I expect a Santa Claus rally to end the year. The main variable outstanding: tax cuts. If the tax plan passes, the Santa Claus rally will likely be stronger. If they aren’t,  then we could have our first correction of the year, writes  Don Kaufman, co-founder of TheoTrade.

The GOP had a big win as the House passed the tax legislation 227 to 205 as 13 Republicans voted against the bill, but that wasn’t enough to stop it.

In the summer, the healthcare plan passed with a closer margin implying a similar plan has a better chance of passing in the Senate than the failed healthcare reform plan. The Joint Committee on Taxation said that the plan would add $1.4 trillion to the debt over 10 years which means it leaped over a key hurdle. The limit it can add to the debt ceiling is $1.5 trillion.

As we have discussed, some people will be getting a tax increase. The JCT said some of those earning $20,000 to $50,000 will be getting their taxes raised after 2019. This likely will depend on if those taxpayers live in a high tax state or not.

States like New York, New Jersey, and California, which have high income tax rates will see their residents get a tax hike. That’s why all but one of the votes in the GOP against this plan were from New York, New Jersey and California. The good news for the Senate plan’s odds of passing is that no Republicans are from those states.

On the PredictIt website, the chances of an individual tax cut passing by the end of the year are 27% and the chances of a corporate tax cut passing by the end of the year are 34%. These results haven’t changed much.

I think we will get a good idea what will happen when the Senate gets closer to voting on the plan. The goal is for the Senate to vote on it in the last week of November. That is the do or die moment for the plan. It doesn’t mean the market won’t be able to react to the plan in the next few days. It will react whenever changes are made and whenever key Senators make statements about their vote.

So far, Ron Johnson has said he will vote against the plan, but wants to make fixes so he can vote for it. He thinks corporations will benefit more than small businesses. The repeal of the individual mandate for Obamacare has been added back into the potential plan which is something that concerns Senator Susan Collins who is a moderate when it comes to healthcare.

The big problem is that even if the plan passes the Senate, the two chambers will need to come together to hash out their differences. If the Senate passes the plan, it will do so by one or two votes. It will be easy to lose those votes when the House starts the negotiation because the House is more conservative than the Senate. The chart below gives a great summary of the differences between the plans.

chart 1

High yield is fine

I don’t think the House passing the tax reform bill had any relation to the stock market rising on Thursday. It was probably a coincidence. High yield debt also increased along with stocks.

The iShares iBoxx $ High Yield Corporate Bonds ETF (HYG) index was up 0.98%. The total selloff was 2.34%. After this rally, it’s now 1.39% off its recent high in September.

The chart below shows the short history of streaks where the HYG has been above its 200-day moving average. As you can see, this current streak is 408 days. That’s the longest in the past 10 years.

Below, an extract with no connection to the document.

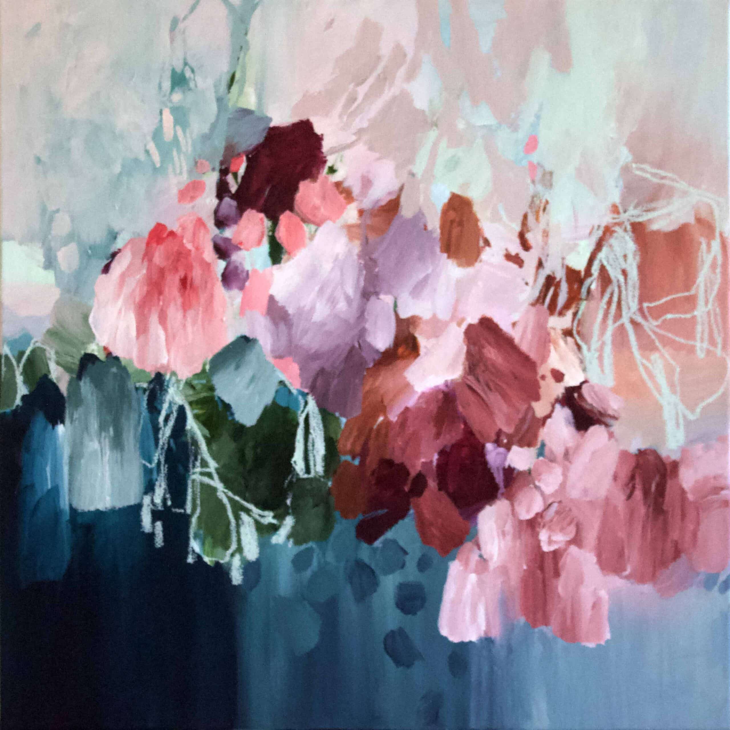 Acrylics and oil stick on cotton canvas, Framed in Tasmanian Oak
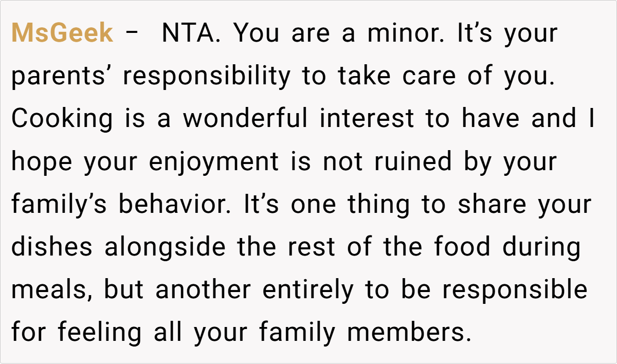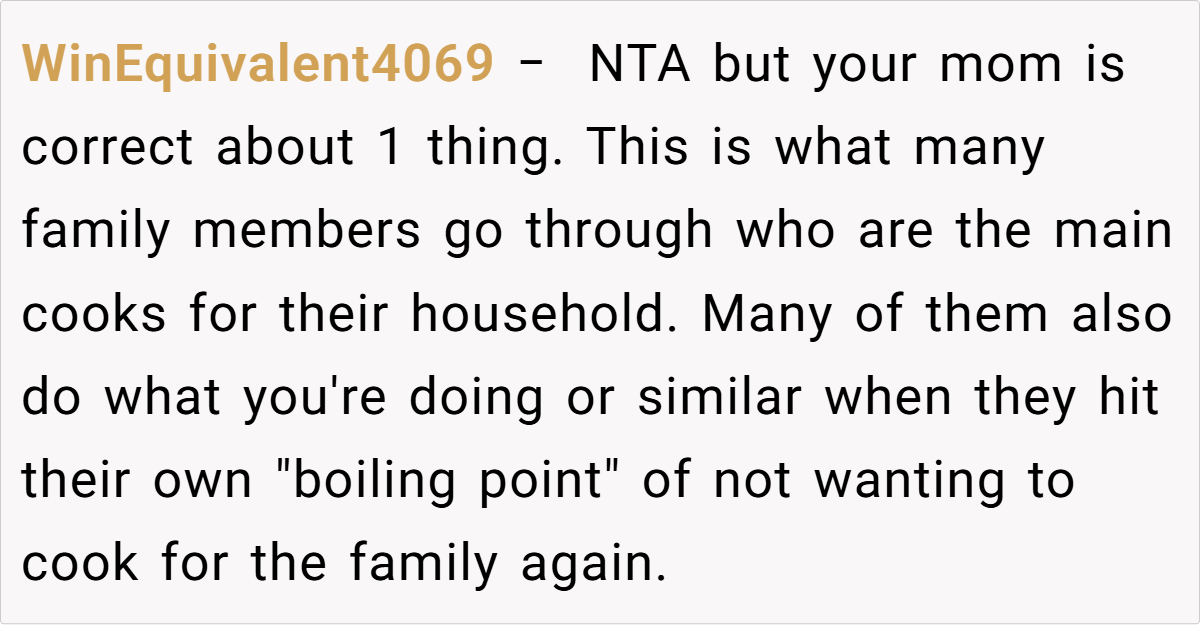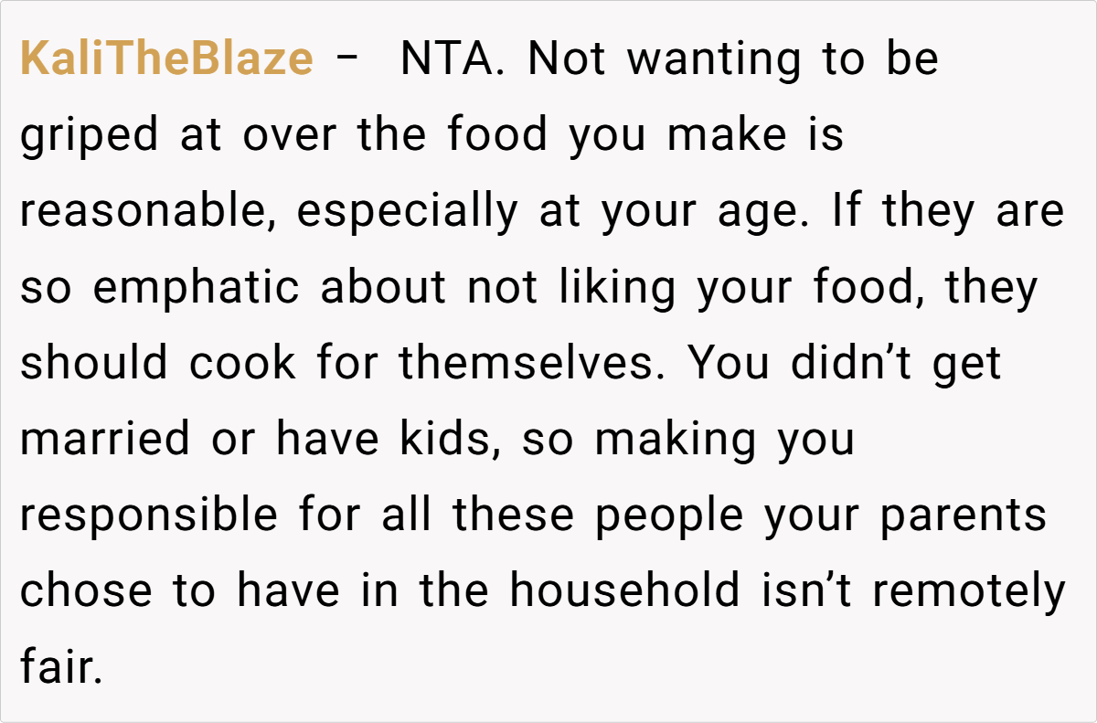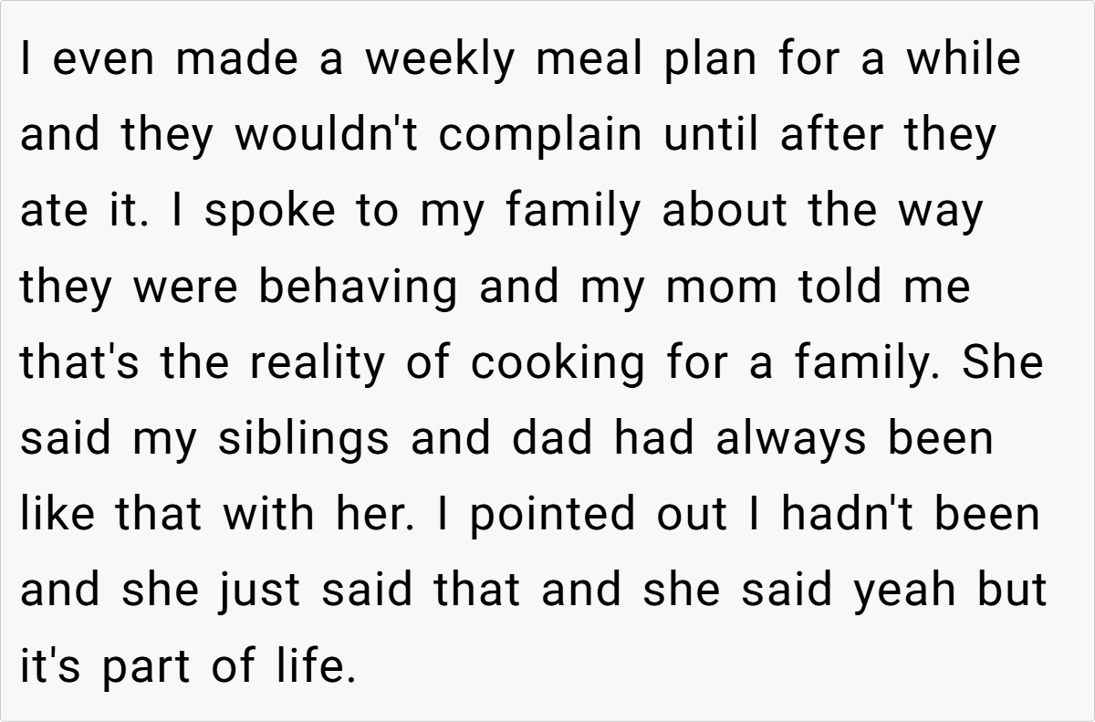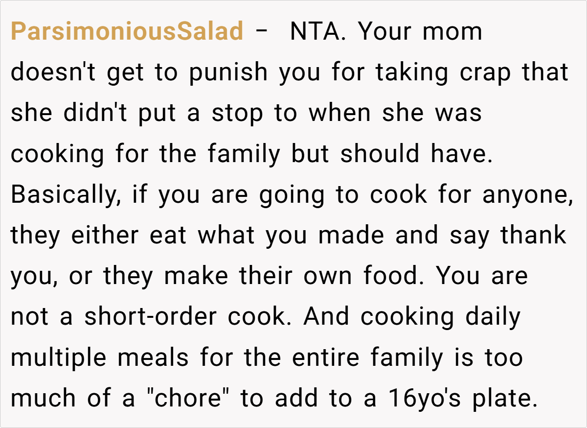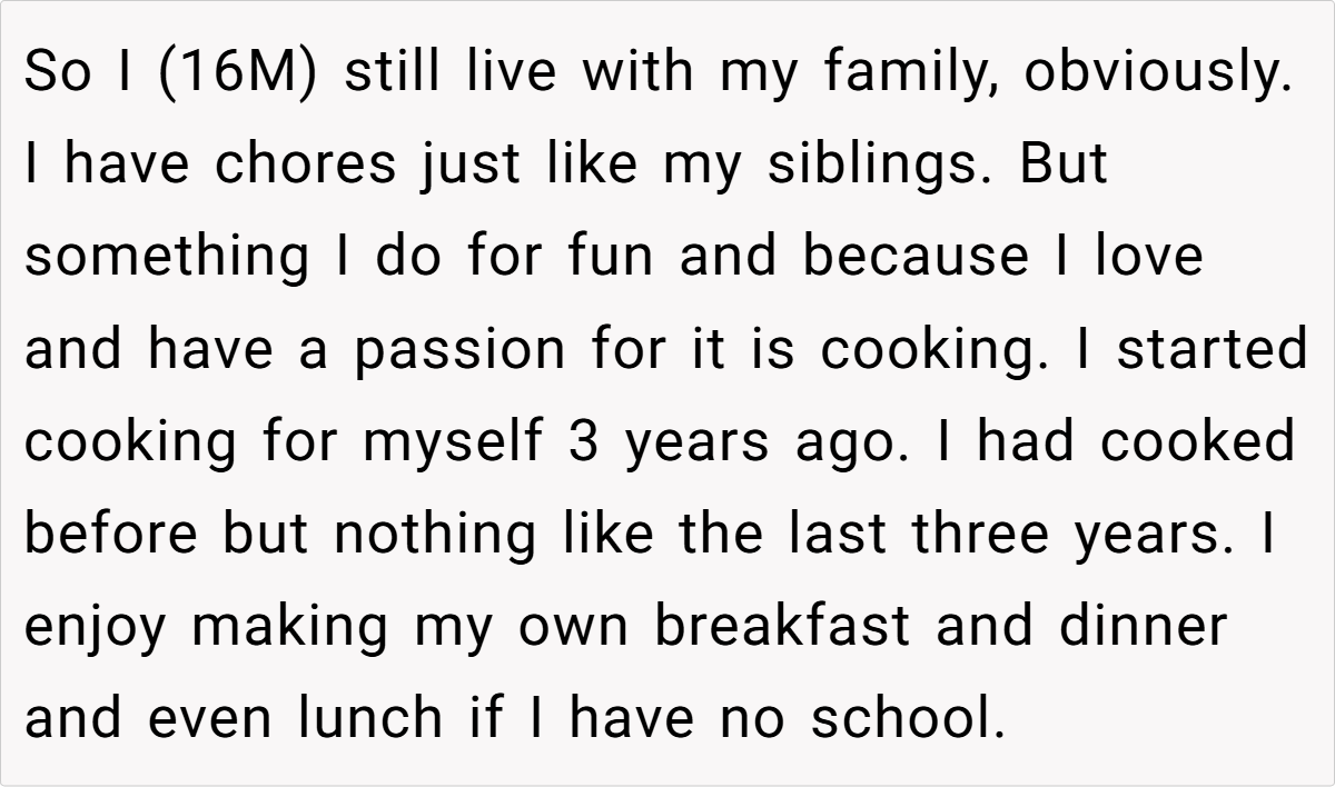 The situation clearly reflects a breakdown in communication and mutual respect. Family meals are meant to be a shared ritual, yet the teen’s passion for cooking turned into a battleground of unmet expectations. His detailed grievances reveal an imbalance where his creative energy was constantly undermined by complaints over trivial details. When expectations aren’t aligned, resentment builds and the simple act of cooking becomes a source of conflict.

It’s remarkable to hear the bears clamoring about such a small selloff. I guess that’s just because there has been nothing exciting for the bears this year in what will be considered the quietest one ever. With today’s rally in stocks, the CNN Fear & Greed Index of investor sentiment is at 50 which means it’s perfectly neutral. That is shocking to me as the S&P 500 Index (SPX) is 0.34% off its record high and there hasn’t been a correction this year.

chart 2

Summary of where the market is

The four charts below give us a quick summary of the trading situation.

The first chart shows the recent selloff in high yield bonds and the increase in implied volatility from extremely low levels.

The second chart shows the German yield curve and the bank stocks versus the European index. The yield curve hasn’t moved higher even though there have been good economic reports.

The third chart shows the G3 consumer confidence index compared to the OECD private consumption index. The consumer confidence has ramped to the highest point since 2000, but consumption hasn’t risen much. Considering how much consumer confidence has risen in America, I am interested to find out what happens when wage growth accelerates in 2018. It’s possible consumers might be confident because there hasn’t been a recession in a long time.

The fourth chart shows the S&P 500’s 12 month forward EPS as compared with a regression of the two Institute for Supply Management indices. The chart suggests the fastest EPS growth in 5 years is coming, but I have my doubts as there will be tough comparisons in the first half of 2018. It’s also worth noting that the ISM forecasts have been wildly optimistic for GDP growth, so I wouldn’t expect them to be perfectly accurate in the next few months. There has been a high historical correlation between ISM and earnings growth, so I could be wrong.

chart 3

Conclusion

I expect a Santa Claus rally to end the year. The main variable outstanding: tax cuts. If they are passed, the Santa Claus rally will likely be stronger. If they aren’t,  then we could have our first correction of the year.

The final details of the plan will help us figure out if taxes are actually cut on the middle class. It seems as though some analysis has been done which shows some people will get a tax increase, but there have been so many versions of the plans it’s tough to say what the final legislation will do.